Post-NYC Marathon

I’m heartsick. I’m a basket of all sorts of emotions and concerns. What is happening now is not what I had imagined even two weeks ago. I had planned to write several posts of various things, including running and races, but they all seem so trite now. I want to write a deeper, more thoughtful post of life after the election, but it will require more time than what I have now.

One of the posts that I had planned on writing was about spectating the NYC Marathon. Helly, of Helly on the Run, ran this marathon and had the race of her life. I’m so proud of her and her accomplishment. Ben and I were out cheering for our friends with our club. We made race signs poking fun at Trump. They seemed funny then. They don’t anymore. I can’t even look at them anymore. I can’t bear to post up photos of those signs.

The following Monday was the monthly PPTC meeting. I actually have to plan and work hard to get out of work early to make it to the meeting because I normally stay at work until 8 pm (and now it’s the time of year, where I stay until 9 pm). I left early, but there were several  car accidents along the way (I counted six, but I may have missed a couple), so getting back to Brooklyn took over two hours. Ben thought perhaps we shouldn’t go to the meeting because we were going to  be late, but I insisted. I wanted to hear what our friends had to say about their NYC Marathon experience.

I’m so glad that we went. As people stood up to talk about their day, almost everyone teared up as they talked about how much love they felt from everyone out on the course (including PPTC’s own East Coast Appetite). All the cheers and support from spectators and from other fellow club members along the course. How during moments of hardships, a club member would suddenly appear to urge them on. How they never felt alone. The standing ovation that they came to when they showed up at the school that our club rented for the post-race get-together. I’m not the sentimental sort, but my eyes got moist and my heart swelled with all the FEELZ because in that room, in that moment, the love was real and palpable.

I never want to forget this. Remember the love. Live in love.

18 thoughts on “Post-NYC Marathon

    • Yeah, I don’t know how anyone could have enjoyed the marathon after the election. Someone wondered aloud if this was going to be the last happy weekend in a long while and we all shushed that person because we didn’t want to think about “what if.” That what if happened.

    • I’m starting to think about how I can personally take on an activist role. I’m not comfortable with ideology and values that are being put forth and I don’t want to passively stand by and watch these things take over. It’s my America too. My values need to be reflected.

      • I couldn’t agree more. I think that this election has opened our eyes to the things that the other half the country believes in. It has made us realize that we need to take a more active role in order to avoid these kinds of situations.
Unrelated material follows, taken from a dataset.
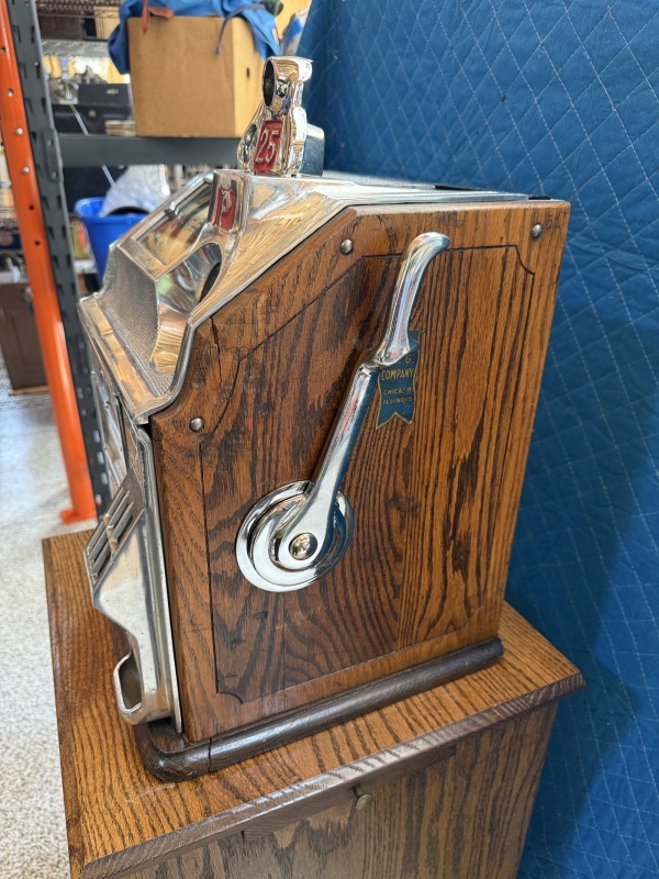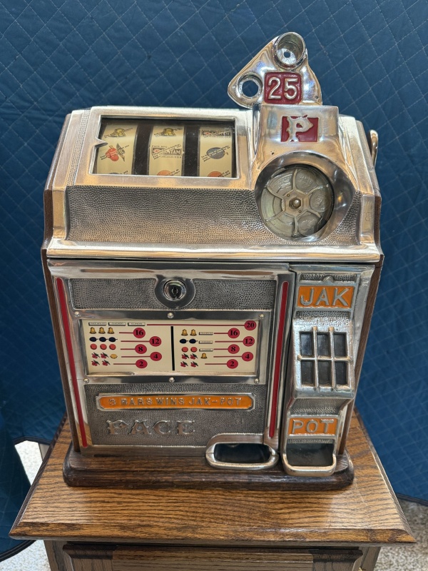 We are proud to present an exceptional piece of vintage coin-op machinery: The 25-Cent Pace "Bantam" Slot Machine! While the Bantam is famous for being a small, countertop machine, the quarter (25¢) denomination elevates this model from a charming collectible to a premium, high-stakes artifact of the post-war era!

Good luck to us all on our next steps. 🙂

  1. I’m so there with you. I will say that it is comforting to read posts like this where I can feel good knowing that I am not alone. It is a bit surreal, and I fear when it will truly sink in. Hang in there. There’s always running and likeminded friends.

    • I was seriously traumatized by the results. I went into physical shock the next day. I texted Ben to tell him how cold I was and how much I was shaking (it took a long time to type because I kept making typos). As you say, there’s always running and likeminded friends to bolster our spirits.

  2. Great post Lil. I enjoyed holding “grab the PR by the kitty” right next to PPTCat; though I was a little shy hahaha! The political signs you made were so wonderfully cheeky. Things feel different now status post election, but don’t lose your playful spirit.

    • Let’s hope I don’t get thrown into a gulag for making fun of our president elect. There are countries out there where citizens are not allowed to say anything disparaging about their leaders. Now more than ever, 1st amendment rights are important for a democratic society.

  3. I feel you on this. I had a post in the works about this race I did and now I don’t even want to finish it, because it seems so inconsequential. But it’s also important to remember to find love and joy in things as well. I know it sounds trite but for those of us who are devastated by what’s happening, it’s also what will help us stay strong and able to keep doing the right thing.

    • We can be social justice warriors and still enjoy the small every day delights. Compassion fatigue and emotional burnout are prevalent in my line of work and my colleagues often remind us to take care of ourselves. We’re in it for the long haul and exhausting ourselves for the short term gain does not do as much good as slow steady progress.

  4. I was in absolute shock when I saw where the election was going and didn’t stay up past 10PM to watch more as I was hoping that things could and would turn around. Sadly, they did not. I hope this is one of those surreal events that despite how wrong it is, ends up bringing the masses together for better. You’re also welcome to visit me and Kobi way up north far far away from pretty much everything if you need a break. I find I forget about politics when I’m worried about being chased by wolves. Bring Bandit too. Just remember you can’t get cronuts here, but we do have a Tim Hortons and a really good health food store. I’m just kidding about the wolves – sort of.

    • I heard that being chased by bears also is good for forgetting about politics. I fell asleep that night hoping for a repeat of hanging chads or something like that to give me a glimmer of hope. I woke up and nope, still in the nightmare.